*** Data block
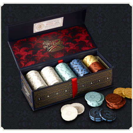 W 2017 roku Roxley Games postanowiło stworzyć nowy zestaw żetonów do gier, które zachowałyby wrażenia i użyteczność wysokiej jakości żetonów kasynowych, ale charakteryzowałyby się wyjątkową estetyką. Nikt nie nadawał się do tego lepiej niż wielokrotnie nagradzane studio Chad Michael. W kolaboracji, ci dwaj giganci zaprojektowali nowy rodzaj żetonów do gier nadają się one nie tylko do pokera, ale do wszystkich gier stołowych   CECHY Zestaw 100 żetonów został zaprojektowany tak, aby pasował do wielu gier w stylu euro. Są one również idealne do podliczania punktów lub śledzenia stanu zdrowia Iron Clays 100 są dostarczane w wytrzymałym, foliowanym, wytłaczanym, magnetycznie zamykanym pudełku. W pudełku są przechowywane w plastikowych tackach, które można układać w stosy, dzięki czemu mogą być łatwodostępne wszystkim graczom Łącznie żetony mają wartość 1,640
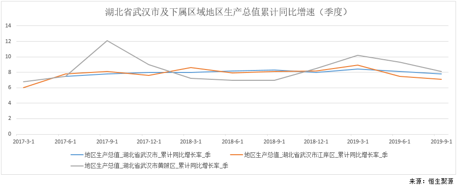 2019年3季度,武汉市地区生产总值同比累计增速7.8%,武汉市江岸区地区生产总值同比累计增速7.1%,黄陂区生产总值同比累计增速8.1%。青山区生产总值同比累计增速7.2%。
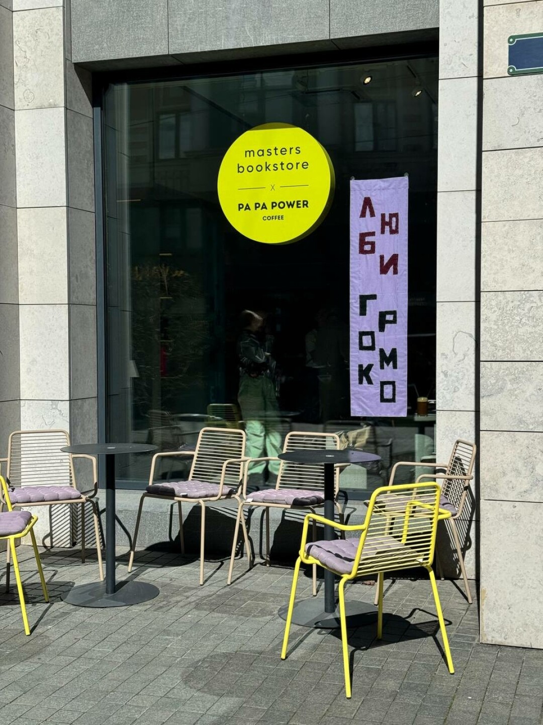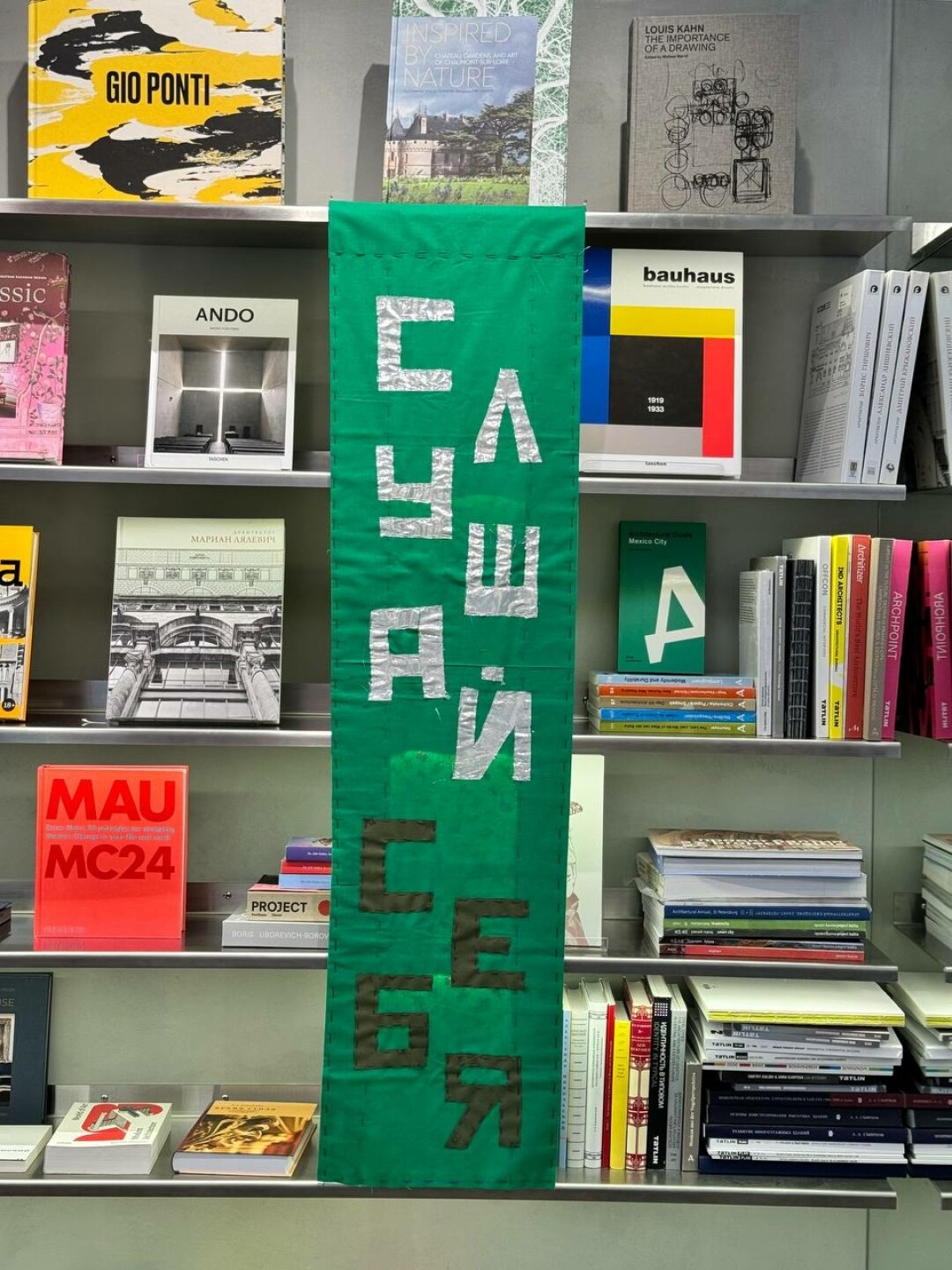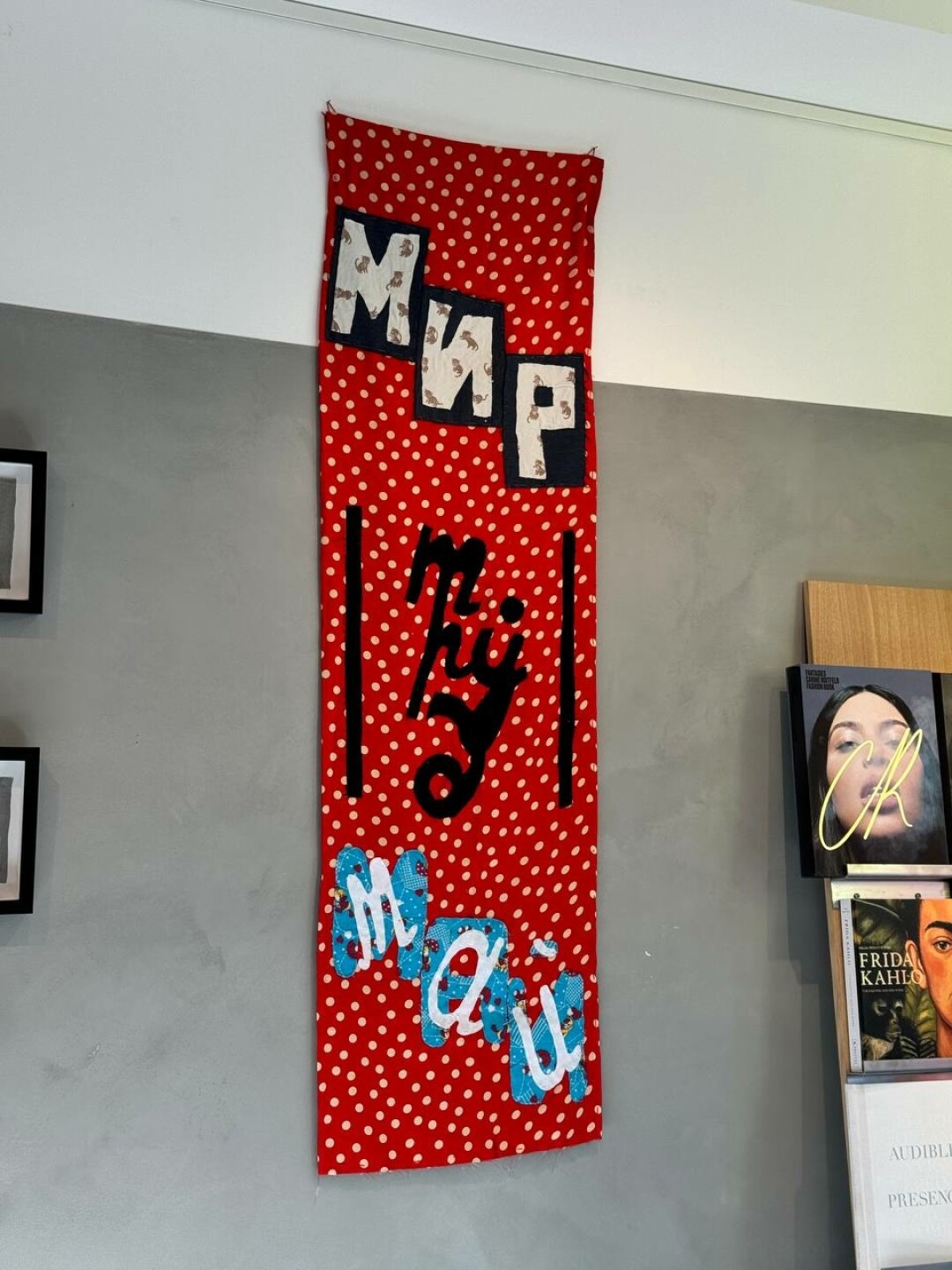 «Люби и обни-май», «Дурью не май-ся, любовью зани-май-ся» и «Мир, труд, май»: такими утверждающими слоганами от петербургского художника украшены залы книжного Masters bookstore на «Левашовском Хлебозаводе» до конца мая.
******
Description of the task: Please transcribe the material above exactly as written. Leave the pictures out.

Exercise result:
 W 2017 roku Roxley Games postanowiło stworzyć nowy zestaw żetonów do gier, które zachowałyby wrażenia i użyteczność wysokiej jakości żetonów kasynowych, ale charakteryzowałyby się wyjątkową estetyką. Nikt nie nadawał się do tego lepiej niż wielokrotnie nagradzane studio Chad Michael. W kolaboracji, ci dwaj giganci zaprojektowali nowy rodzaj żetonów do gier nadają się one nie tylko do pokera, ale do wszystkich gier stołowych   CECHY Zestaw 100 żetonów został zaprojektowany tak, aby pasował do wielu gier w stylu euro. Są one również idealne do podliczania punktów lub śledzenia stanu zdrowia Iron Clays 100 są dostarczane w wytrzymałym, foliowanym, wytłaczanym, magnetycznie zamykanym pudełku. W pudełku są przechowywane w plastikowych tackach, które można układać w stosy, dzięki czemu mogą być łatwodostępne wszystkim graczom Łącznie żetony mają wartość 1,640
 2019年3季度,武汉市地区生产总值同比累计增速7.8%,武汉市江岸区地区生产总值同比累计增速7.1%,黄陂区生产总值同比累计增速8.1%。青山区生产总值同比累计增速7.2%。
 «Люби и обни-май», «Дурью не май-ся, любовью зани-май-ся» и «Мир, труд, май»: такими утверждающими слоганами от петербургского художника украшены залы книжного Masters bookstore на «Левашовском Хлебозаводе» до конца мая.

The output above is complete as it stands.